-------- RECORDED DATA

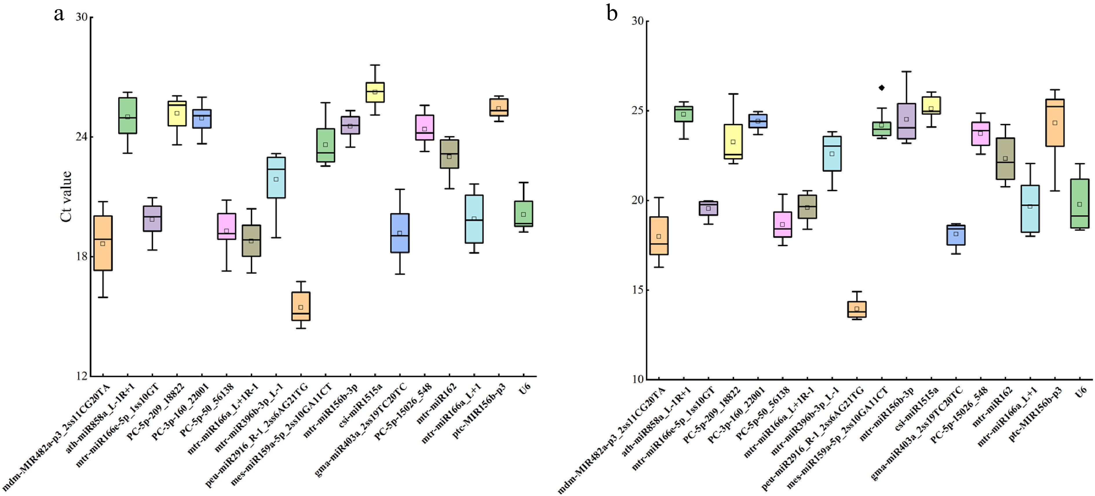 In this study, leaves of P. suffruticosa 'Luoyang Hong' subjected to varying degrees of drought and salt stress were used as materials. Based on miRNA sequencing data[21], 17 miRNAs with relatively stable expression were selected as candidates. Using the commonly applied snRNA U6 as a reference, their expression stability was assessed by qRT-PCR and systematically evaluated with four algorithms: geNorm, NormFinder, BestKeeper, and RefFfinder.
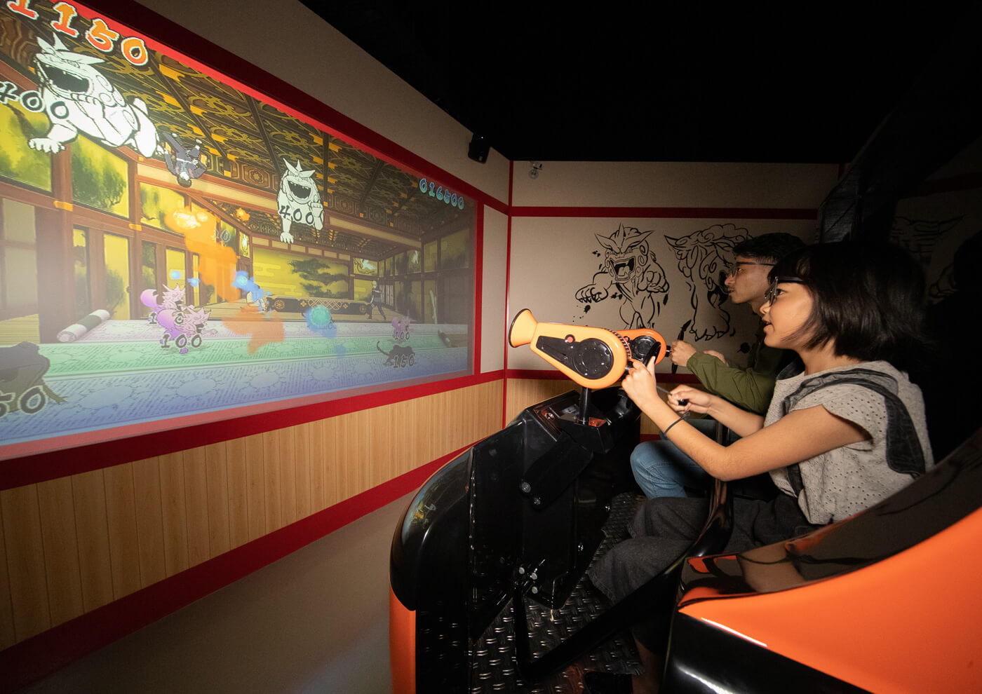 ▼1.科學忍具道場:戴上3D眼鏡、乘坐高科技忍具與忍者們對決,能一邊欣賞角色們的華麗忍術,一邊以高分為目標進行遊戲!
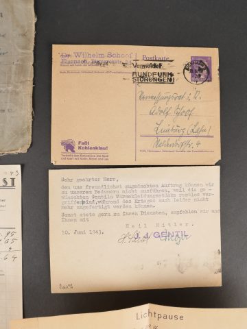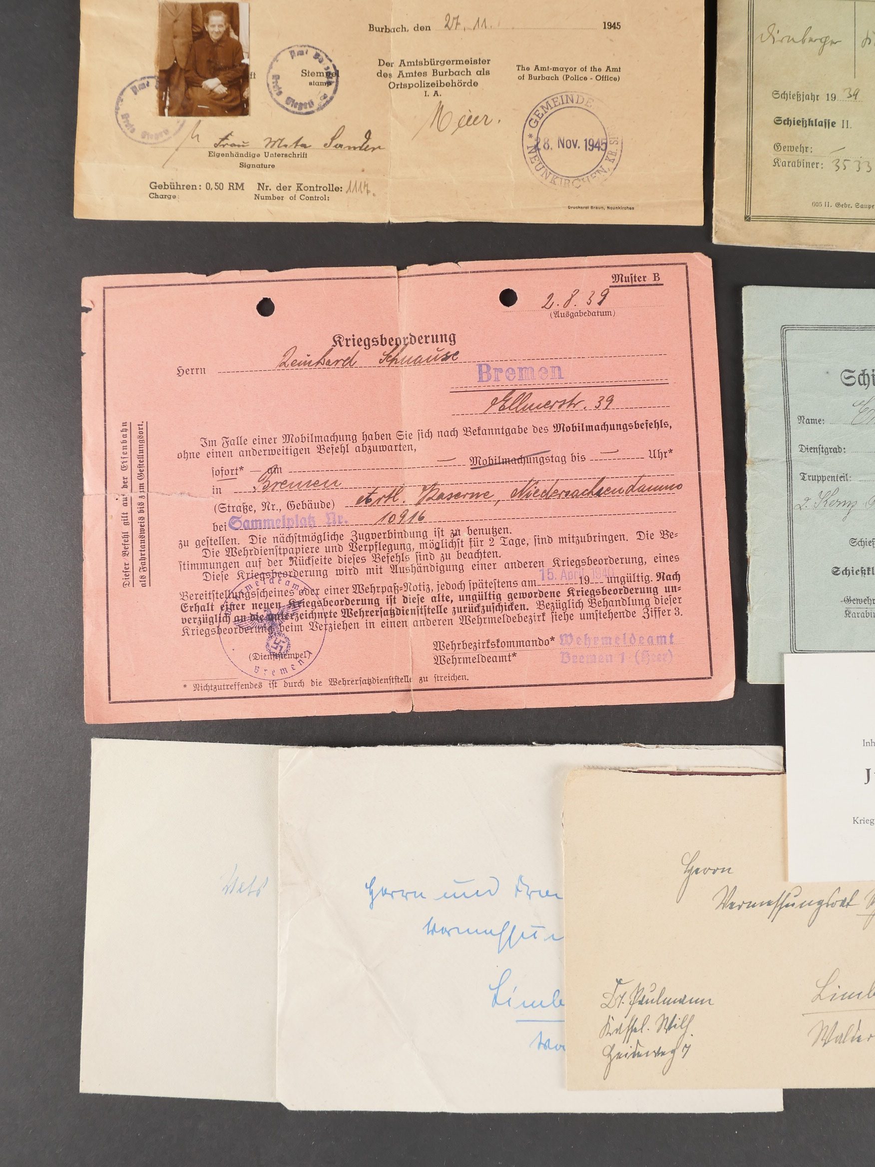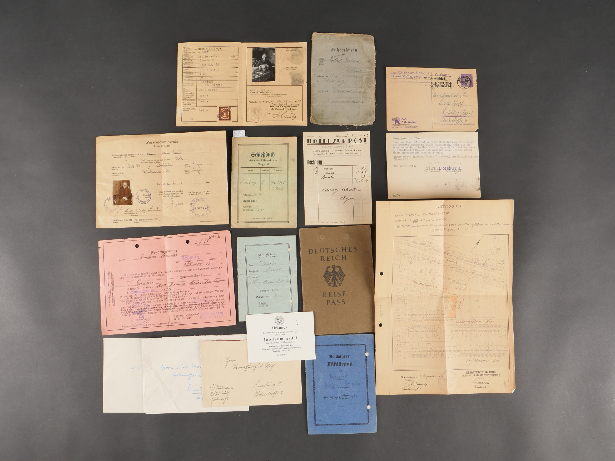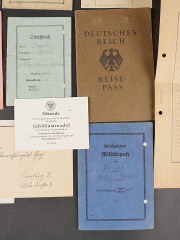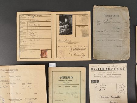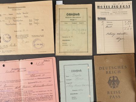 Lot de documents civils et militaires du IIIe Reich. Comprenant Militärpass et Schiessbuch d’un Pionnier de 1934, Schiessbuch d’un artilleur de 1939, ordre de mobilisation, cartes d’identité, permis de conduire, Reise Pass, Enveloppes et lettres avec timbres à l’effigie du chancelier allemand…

----------------

EXERCISE BRIEF: Could you print the data exactly as it appears and keep the pictures out?

SOLVED EXERCISE:
 In this study, leaves of P. suffruticosa 'Luoyang Hong' subjected to varying degrees of drought and salt stress were used as materials. Based on miRNA sequencing data[21], 17 miRNAs with relatively stable expression were selected as candidates. Using the commonly applied snRNA U6 as a reference, their expression stability was assessed by qRT-PCR and systematically evaluated with four algorithms: geNorm, NormFinder, BestKeeper, and RefFfinder.
 ▼1.科學忍具道場:戴上3D眼鏡、乘坐高科技忍具與忍者們對決,能一邊欣賞角色們的華麗忍術,一邊以高分為目標進行遊戲!
 Lot de documents civils et militaires du IIIe Reich. Comprenant Militärpass et Schiessbuch d’un Pionnier de 1934, Schiessbuch d’un artilleur de 1939, ordre de mobilisation, cartes d’identité, permis de conduire, Reise Pass, Enveloppes et lettres avec timbres à l’effigie du chancelier allemand…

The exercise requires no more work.